Friday, May 7, 2010

How Will You and I Finish?

Everyone has (maybe not) the story of the dash and how that little dash between the date you were born and the date you died represents your entire life and question yourself and ask:  What will my dash show of me when I am gone?

So today I was reading and came upon the statement:  Stop judging by mere appearances and make a right judgement.

Judements are so easy to do.  You're sometimes doing them without even realizing you are.  There's the obese person, the person sitting on the side of the road asking for money or work, there's the young person with spiked red or blue hair, there's the young lady with numerous piercings, or the young boy with really long hair.  Even getting out of bed can be a judgement as we look at the weather and comment.

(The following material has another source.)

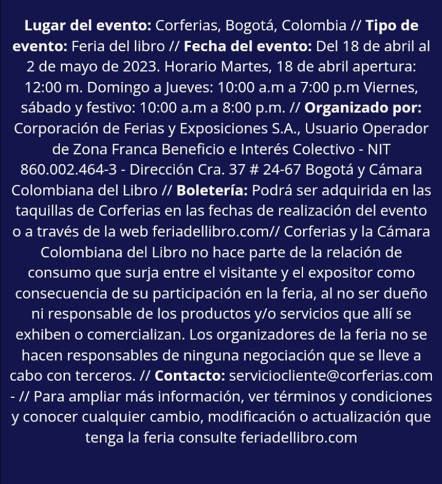 Desde el martes 18 de abril abre sus puertas en la capital colombiana la Feria Internacional del Libro, versión 2023. El importante certamen va hasta el 2 de mayo y tiene como país invitado de honor a México.

Stopping this behavior isn't easy and takes constant effort just as waking up and going to a job you dislike.  It requires looking at ourselves internally and objectively and saying:  I'm not perfect so who am I to judge?

It  requires looking at our behavior and asking what can I do to be a better person?  It means being HONEST with ourselves and making right judgements about ourselves no matter how ugly it may be--the point is to turn it around.

In 1998, I realized I was an ugly person and needed to change.  I'm constantly evolving and trying to be the best person I can be.  Why? 

1.  Because I want to be a good person
2.  Because I want to role model for my children and grandchildren
3.  Because my husband deserves the very best person/wife
4.  Because our world is such an ugly place right now, it needs a few good people
5.  Because when doing something nice for someone, it can solicit a smile and that in turn brings warm fuzzies.........yummm
6.  Because people gravitate to good people, not bad.
7.  Because I want to!!!!!

As I slowly?????  turn the years over, and I'm praying there's a lot more, I'm hoping that what I'm doing will be seeded in others thereby causing an epidemic of good people.

I'm hoping that when I die, that I will finish strong, with no regrets, and a full heart. 

I'm hoping that when I die, that my family and friends will know that they have been loved by me, that I couldn't have asked for anything more in my life and that truly LOVE is the best gift of all.

So if you would like, please respond to this blog and let me know what I can do to improve on me which in turn will be passed to you.